Given a clinical description, this model returns the most accurate ICD-10-CM code with a brief justification. It's a structured-output translation layer between free-text clinical language and the coding system insurance reimbursement runs on.

Model summary


Base model	unsloth/Qwen2.5-7B-Instruct
Fine-tuning method	QLoRA (4-bit NF4), rank 16
Training framework	Unsloth + TRL SFTTrainer
Training data	AmareshHebbar/icd10-coder-sft — 74,719 rows
Hardware	NVIDIA A40 (48GB), single GPU
License	Apache 2.0

Intended use

Drop-in coding assistant for clinical documentation pipelines, EHR systems, and medical billing software. Given a diagnosis description, the model outputs the matching ICD-10-CM code — nothing else needed downstream except a DRG lookup table if you need reimbursement estimates.

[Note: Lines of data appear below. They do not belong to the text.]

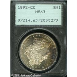 <B>1892-CC<img border='0' src='http://www.heritagecoins.com/images/star.gif' width=10 height=10>$1 MS63 PCGS.</B></I> A well struck and exceedingly frosty coin, with pretty apricot-orange, cobalt-blue, and purple-red toning, on the lower obverse, and a sparkling untoned reverse. Minor scuffiness on the lower obverse, and a single small contact mark on the eagle's breast, limit the grade of the piece. Lot:10384
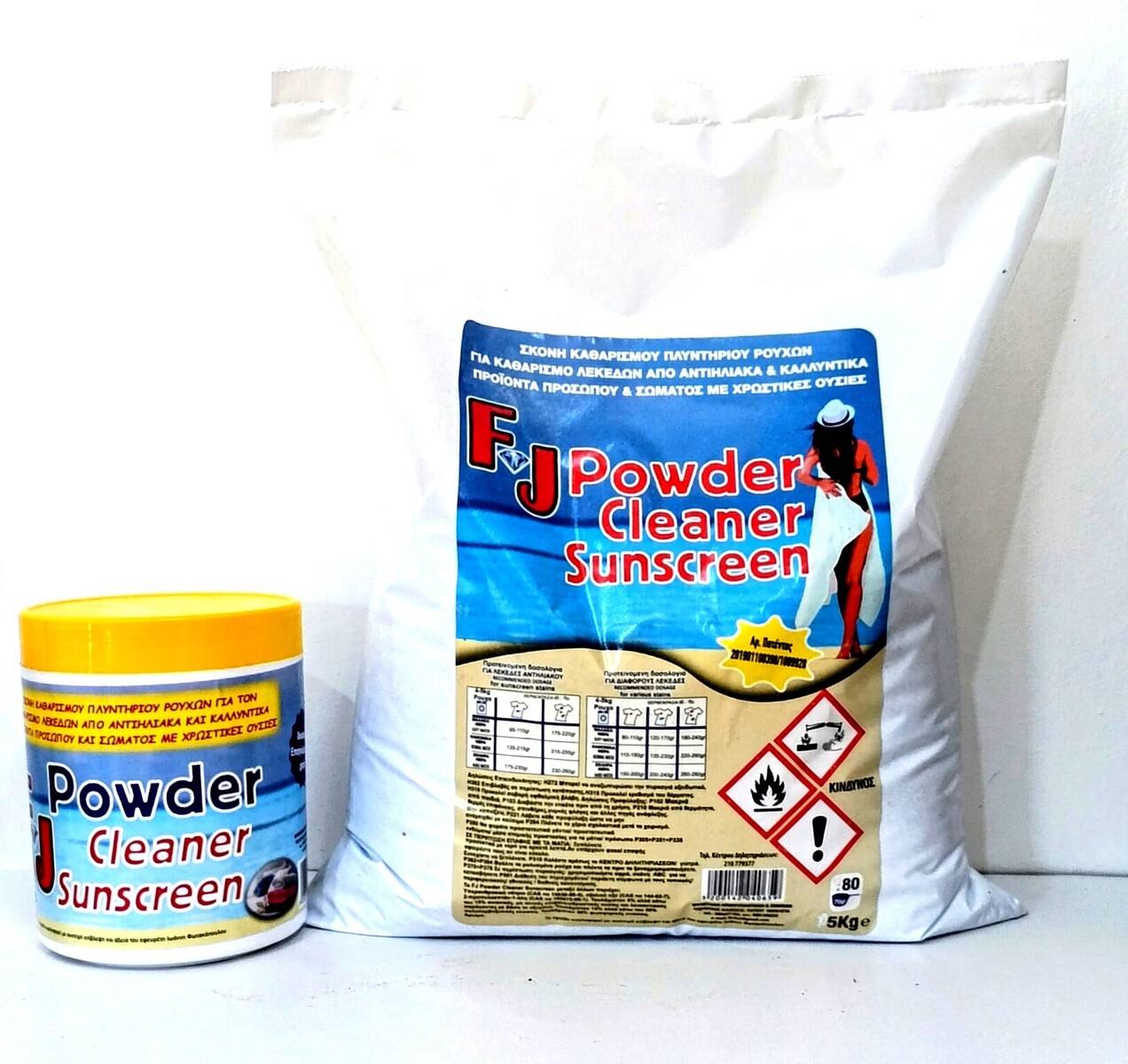 Το FJ Powder Cleaner Sunscreen είναι η μοναδική σκόνη που καθαρίζει λεκέδες από αντιηλιακά, make up, λάδια, μάσκαρα, καλλυντικά προσώπου και σώματος, σκουριές και κιτρινίλες και πολλούς άλλους λεκέδες. Μια μοναδική, ισχυρή πατέντα από τον εφευρέτη της κ. Ιωάννη Φωτακόπουλο. Αυτό το προϊόν καθαρίζει σε βάθος όλους τους λεκέδες ακόμη και τους πιο δύσκολους. Κάνει τα ρούχα αστραφτερά και ζωηρεύει τα χρώματα, μαλακώνει τα ρούχα χωρίς προσθήκη μαλακτικού, κάνει αστραφτερές τις συσκευές και δεν αφήνει τα άλατα να επικάθονται σ αυτες. Έχει πλούσιο άρωμα φρεσκάδας. Το καλύτερο προϊόν της αγοράς με διαφορά, ελληνικής εφεύρεσης. Ένα μοναδικό προϊόν για επαγγελματική και οικιακή χρήση! Δεν χρειάζεται προσθήκη λευκαντικού ή οποιοδήποτε άλλο ενισχυτικό. Προσοχή να μην αναμειγνύετε το προϊόν με άλλα απορρυπαντικά, μπορεί να αλλοιωθεί η χρήση του. Απολαύστε τα τέλεια αποτελέσματα του προϊόντος.Το προιον αυτο παραγεται σε τρεις συσκευασιες του ενος κιλου,σε 5 κιλα και σε 15.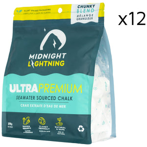 This bag contains 275g of Midnight Lightning ultra-pure, high-performance powder chalk and is made from the mineral contents of seawater. No destructive mining here! This chalk is produced using natural solar evaporation and is packaged in a plant-based, carbon neutral* 🌱 package, which is also fully recyclable! ♻️!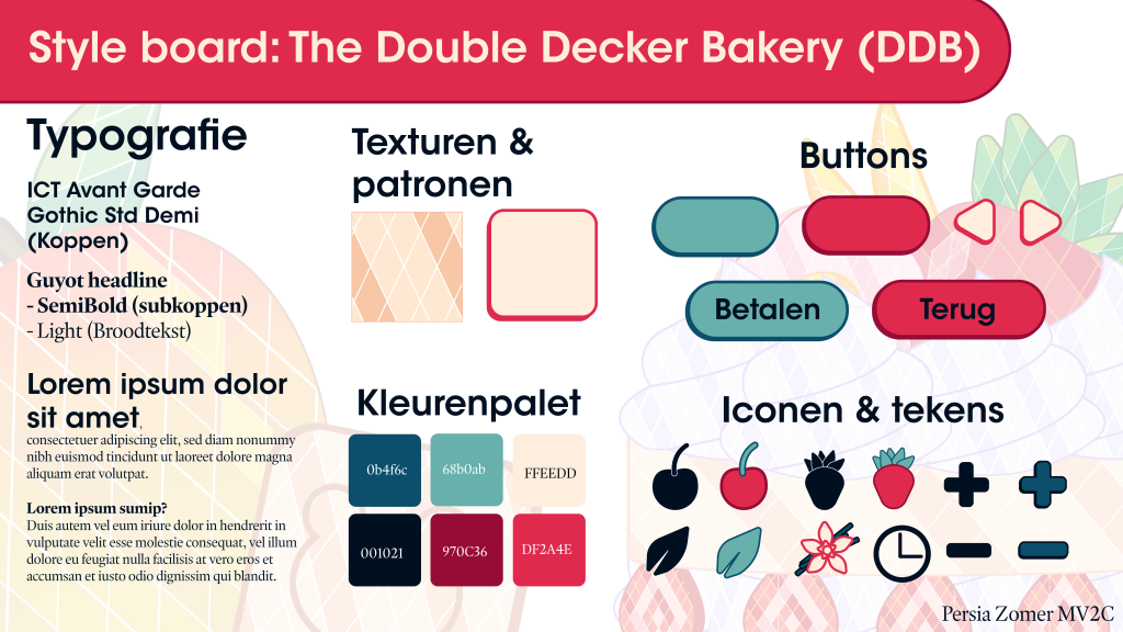 Als eerste heb ik mijn onderzoek gedaan naar welk product (taart) en de plek waar het vandaan komt (Engeland). Vervolgens ben ik gaan experimenteren met verschillende kleuren, technieken en motieven om zo te komen bij een stijl. De stijl die ik heb gekozen voor mijn ingrediënten is gebaseerd op het gebouw de Gherkin. Die staat ongeveer in centraal London.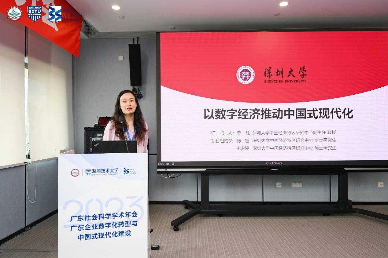 深圳大学中国经济特区研究中心副主任、乡村振兴研究院院长,广东经济学会副会长李凡以“以数字经济推动中国式现代化”为主题,介绍了中国式现代化的丰富内涵及面临的严峻挑战,阐释了数字经济的科学内涵,以人工智能为例,讲述探索中国式现代化的实践途径。

This model is not a substitute for a certified medical professional's judgment. Output should be reviewed by a qualified person before being used in a clinical or billing decision. The model can make mistakes, especially on rare or compound cases.

How to use

With 🤗 Transformers + PEFT

from transformers import AutoModelForCausalLM, AutoTokenizer
from peft import PeftModel
import torch

base_model = "unsloth/Qwen2.5-7B-Instruct"
adapter    = "AmareshHebbar/icd10-coder-qwen25-7b"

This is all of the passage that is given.